Given records =
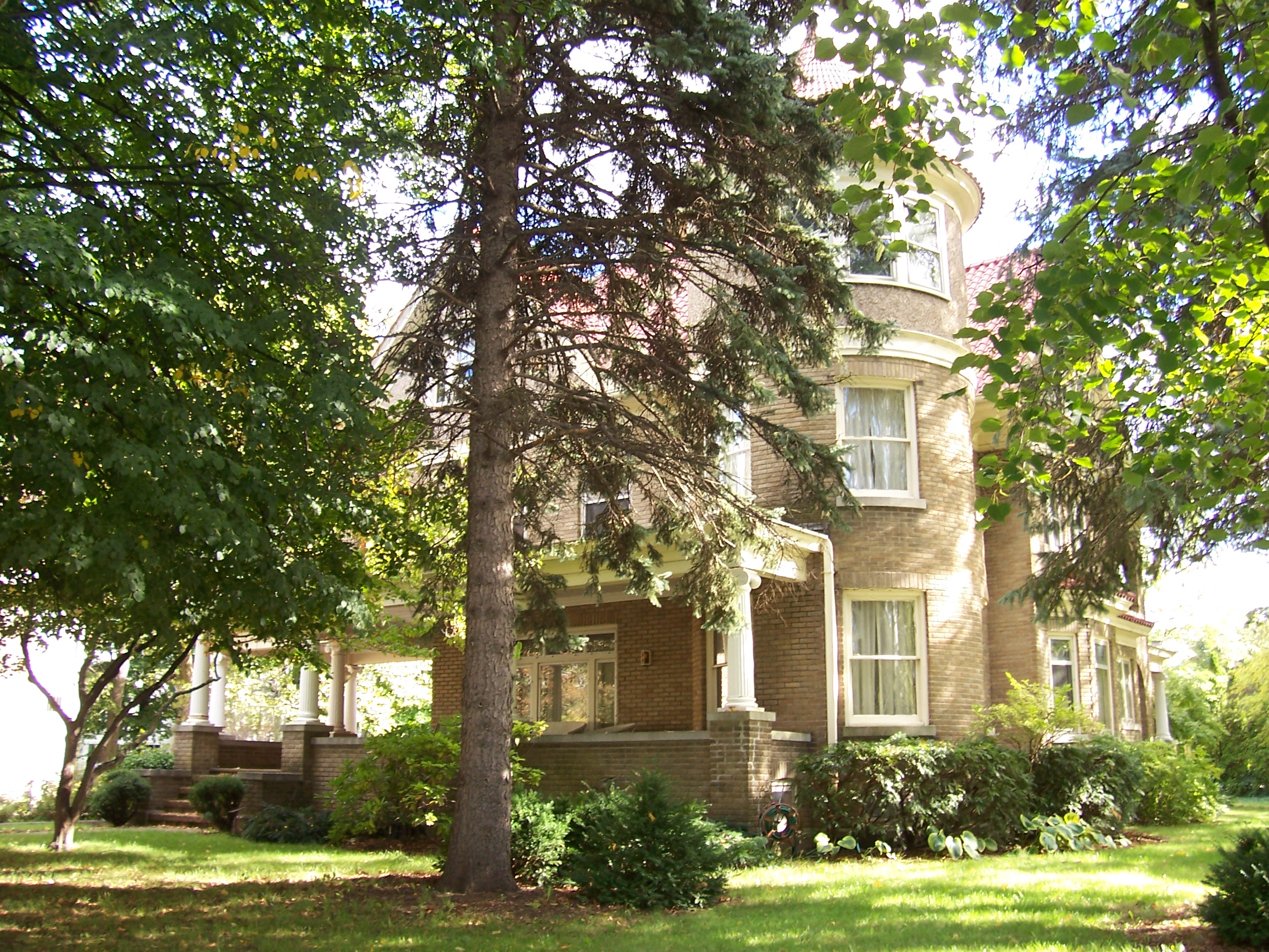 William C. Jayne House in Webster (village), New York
* * *
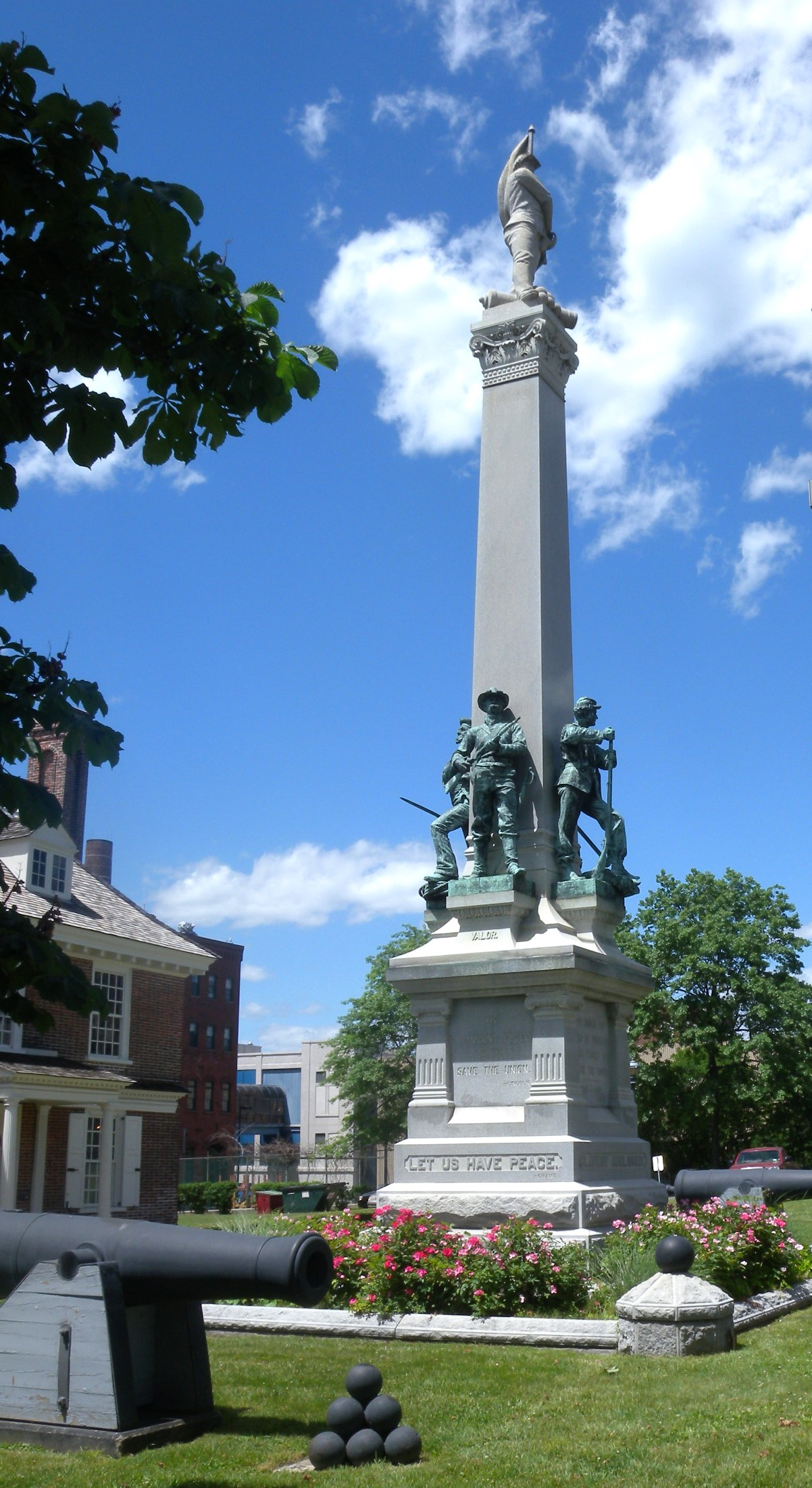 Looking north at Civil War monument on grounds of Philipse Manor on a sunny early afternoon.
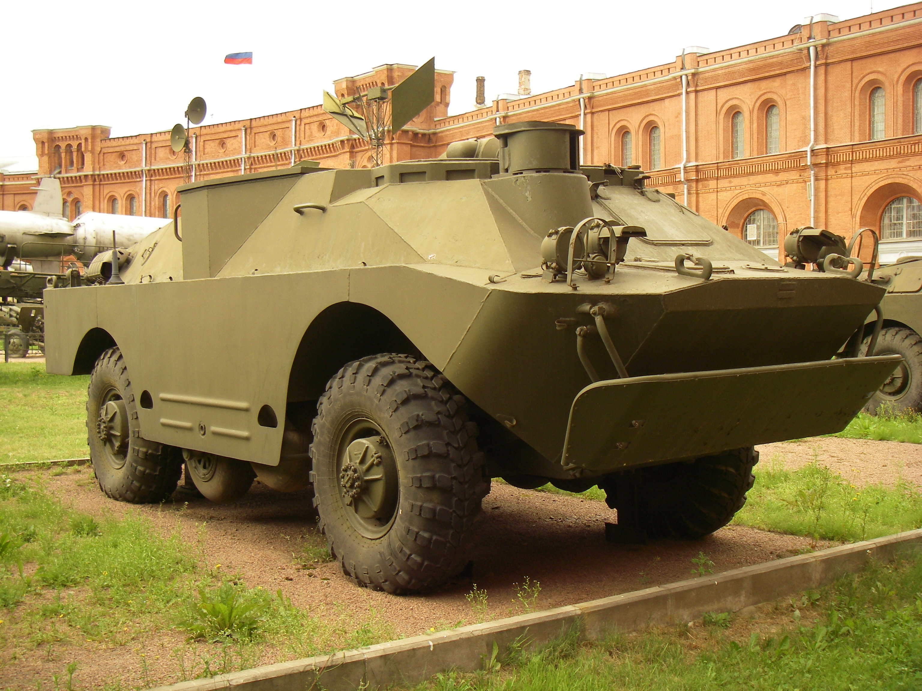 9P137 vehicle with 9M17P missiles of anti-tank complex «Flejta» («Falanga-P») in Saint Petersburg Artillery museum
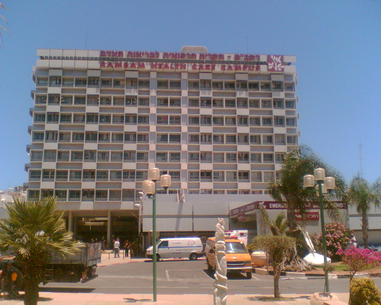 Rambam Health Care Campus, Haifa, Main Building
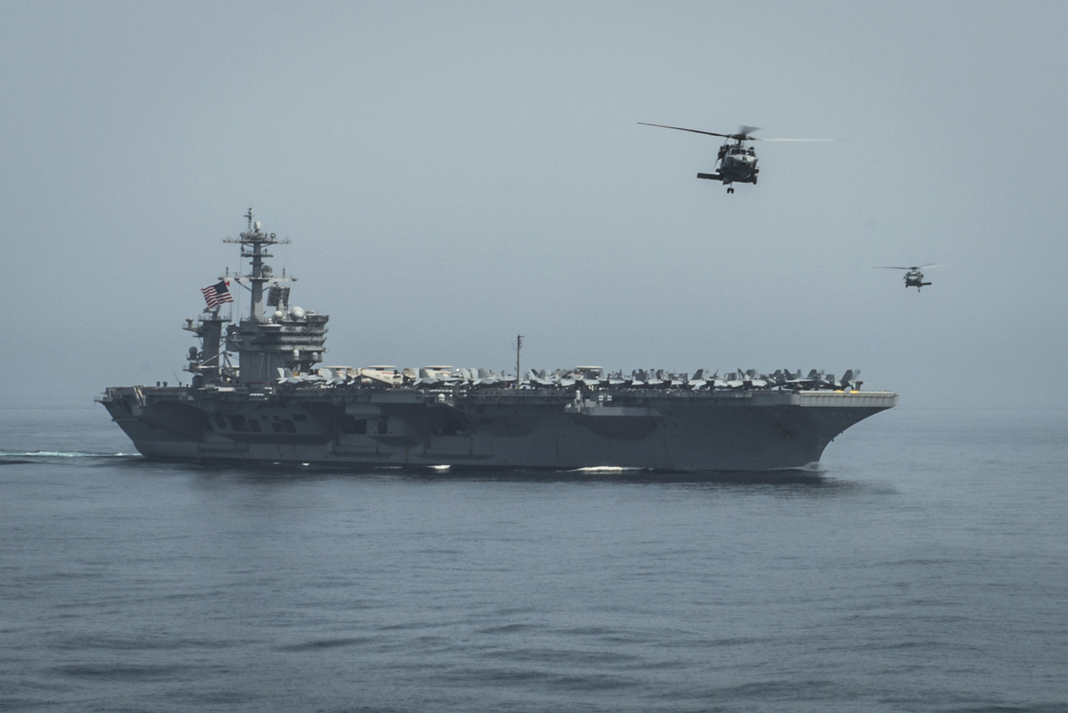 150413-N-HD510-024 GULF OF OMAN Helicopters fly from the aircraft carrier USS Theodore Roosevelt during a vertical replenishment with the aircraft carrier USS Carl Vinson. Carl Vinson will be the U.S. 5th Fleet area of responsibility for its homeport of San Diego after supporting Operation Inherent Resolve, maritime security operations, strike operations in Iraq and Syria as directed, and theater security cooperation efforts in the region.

Exercise aim = Look above for the line with "9P137 vehicle with" and the line with "150413-N-HD510-024 GULF OF". Give again exactly those two lines and all lines between them, pictures excluded.

Answer =
 9P137 vehicle with 9M17P missiles of anti-tank complex «Flejta» («Falanga-P») in Saint Petersburg Artillery museum
 Rambam Health Care Campus, Haifa, Main Building
 150413-N-HD510-024 GULF OF OMAN Helicopters fly from the aircraft carrier USS Theodore Roosevelt during a vertical replenishment with the aircraft carrier USS Carl Vinson. Carl Vinson will be the U.S. 5th Fleet area of responsibility for its homeport of San Diego after supporting Operation Inherent Resolve, maritime security operations, strike operations in Iraq and Syria as directed, and theater security cooperation efforts in the region.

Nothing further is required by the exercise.